| TASK ITEM |
Give back the whole listing verbatim, printing none of its pictures.
____ GIVEN DATA
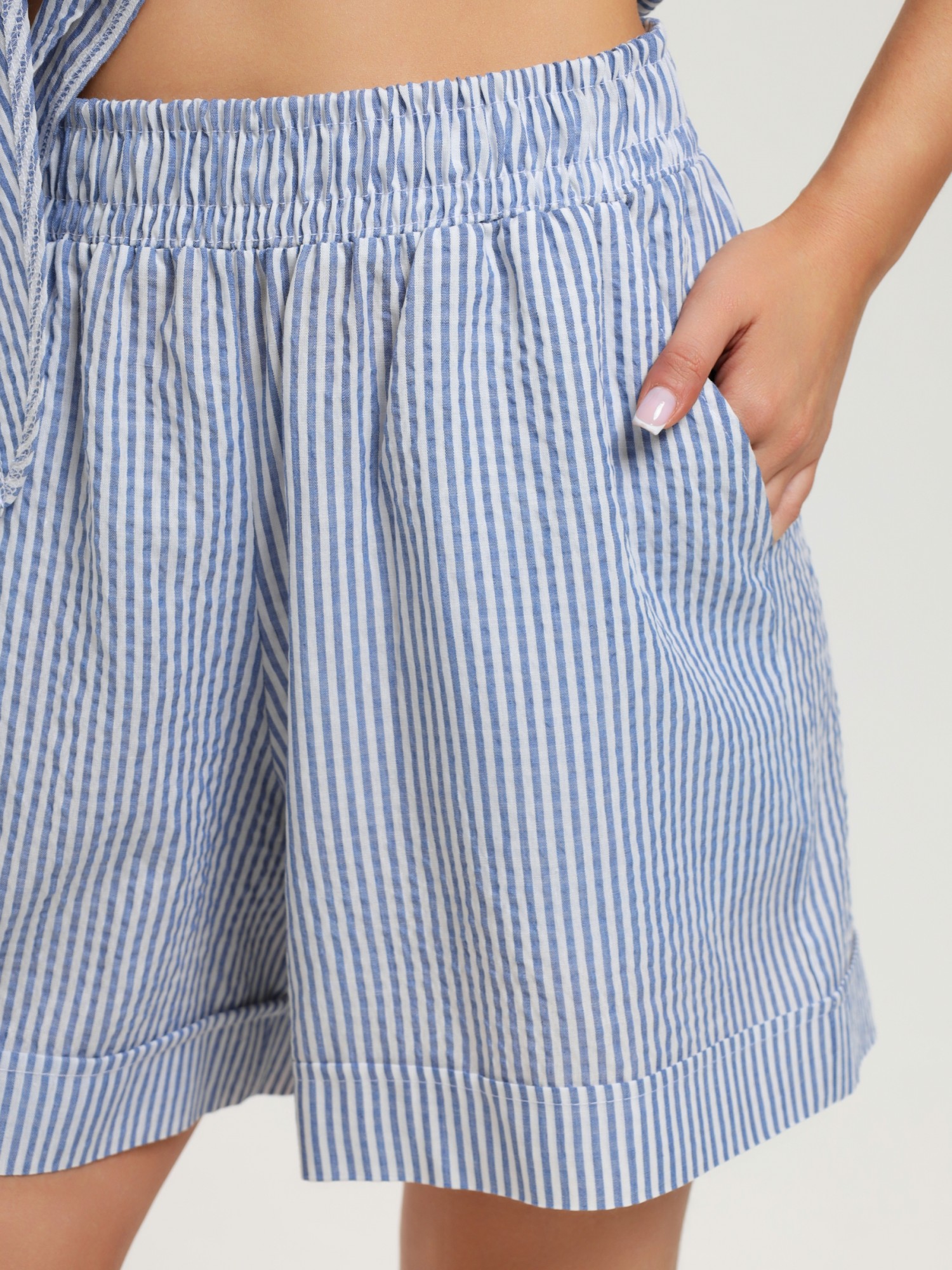 Костюм молодежный из тканого полотна в полоску, состоящий из блузы - рубашки и шорт. Блуза – укороченного силуэта, свободного покроя, с короткими цельнокроеными рукавами, обработанными манжетами, акцентными декоративными завязками спереди, отложным воротником и центральной бортовой застежкой на петли и пуговицы.Шорты - свободные, средней длины, с карманами в боковых швах, на притачном поясе с эластичной тесьмой внутри, с двойной подгибкой низа имитирующей манжет.
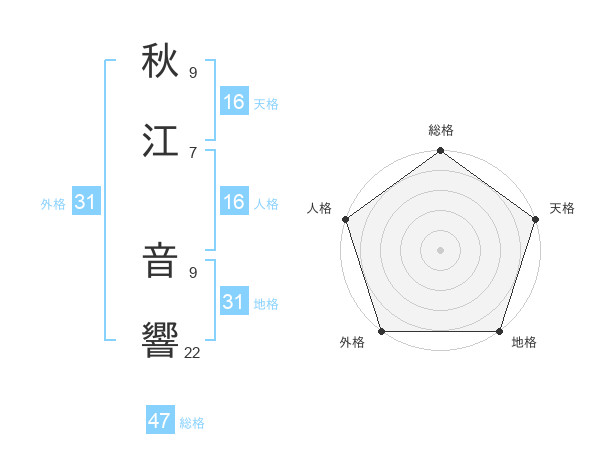 秋江 音響さんの天格は16画の5点!
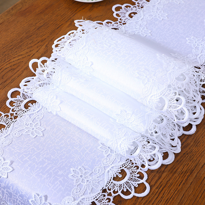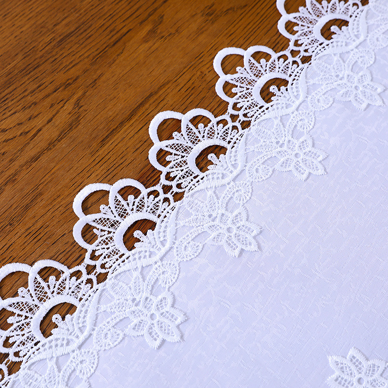 縁の連続した円形レースが華やかさを演出し、テーブルを上品に彩ります。
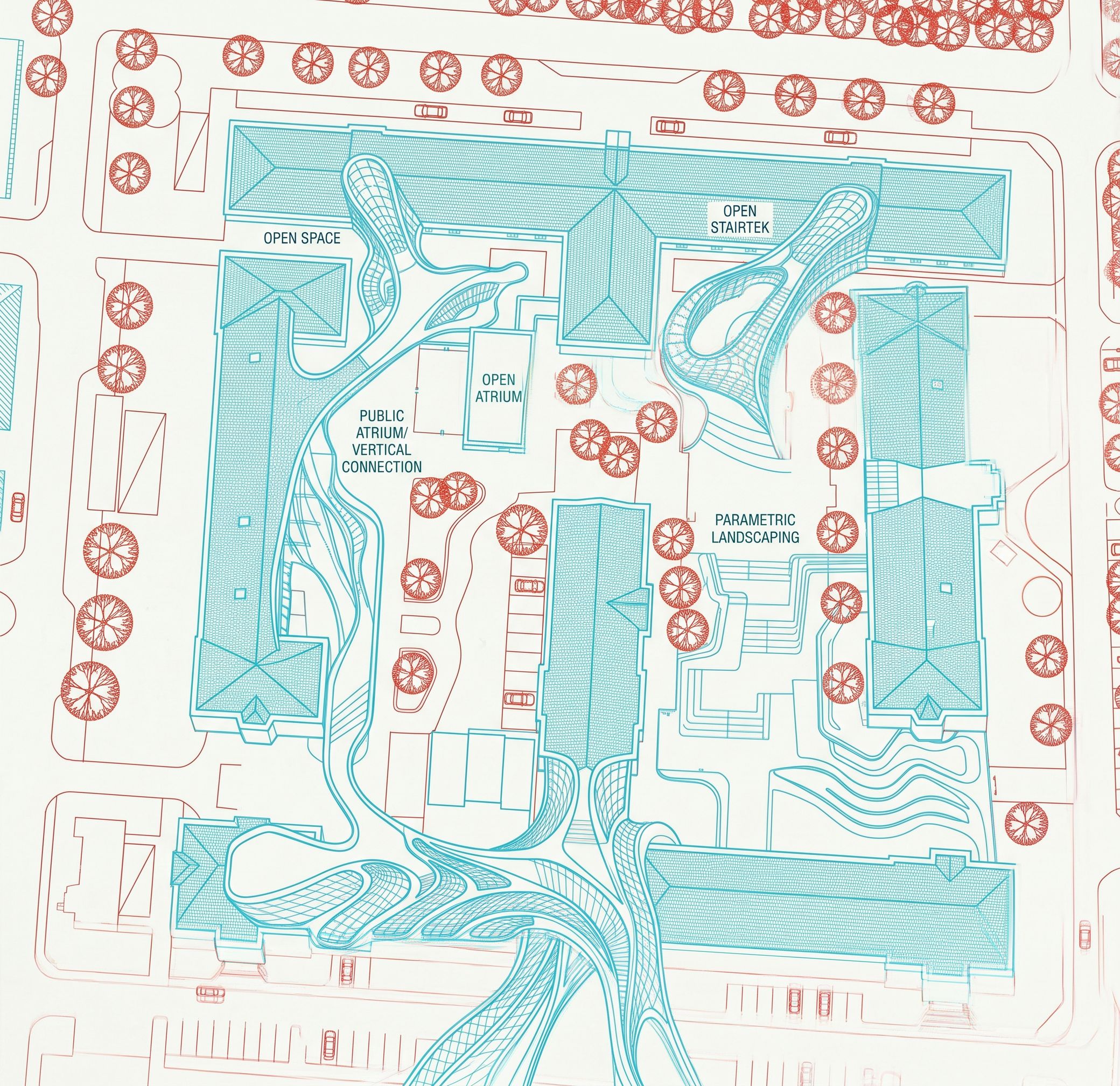 PromptCreate an architectural plan of the roof of the building shown from above in the reference image. The style must match the style of the plan shown in the main image. Adjust the lines from the perspective of the reference image to the overhead camera for the architectural plan., keep exact camera angle
________
| EXPECTED OUTPUT |
 Костюм молодежный из тканого полотна в полоску, состоящий из блузы - рубашки и шорт. Блуза – укороченного силуэта, свободного покроя, с короткими цельнокроеными рукавами, обработанными манжетами, акцентными декоративными завязками спереди, отложным воротником и центральной бортовой застежкой на петли и пуговицы.Шорты - свободные, средней длины, с карманами в боковых швах, на притачном поясе с эластичной тесьмой внутри, с двойной подгибкой низа имитирующей манжет.
 秋江 音響さんの天格は16画の5点!
 縁の連続した円形レースが華やかさを演出し、テーブルを上品に彩ります。
 PromptCreate an architectural plan of the roof of the building shown from above in the reference image. The style must match the style of the plan shown in the main image. Adjust the lines from the perspective of the reference image to the overhead camera for the architectural plan., keep exact camera angle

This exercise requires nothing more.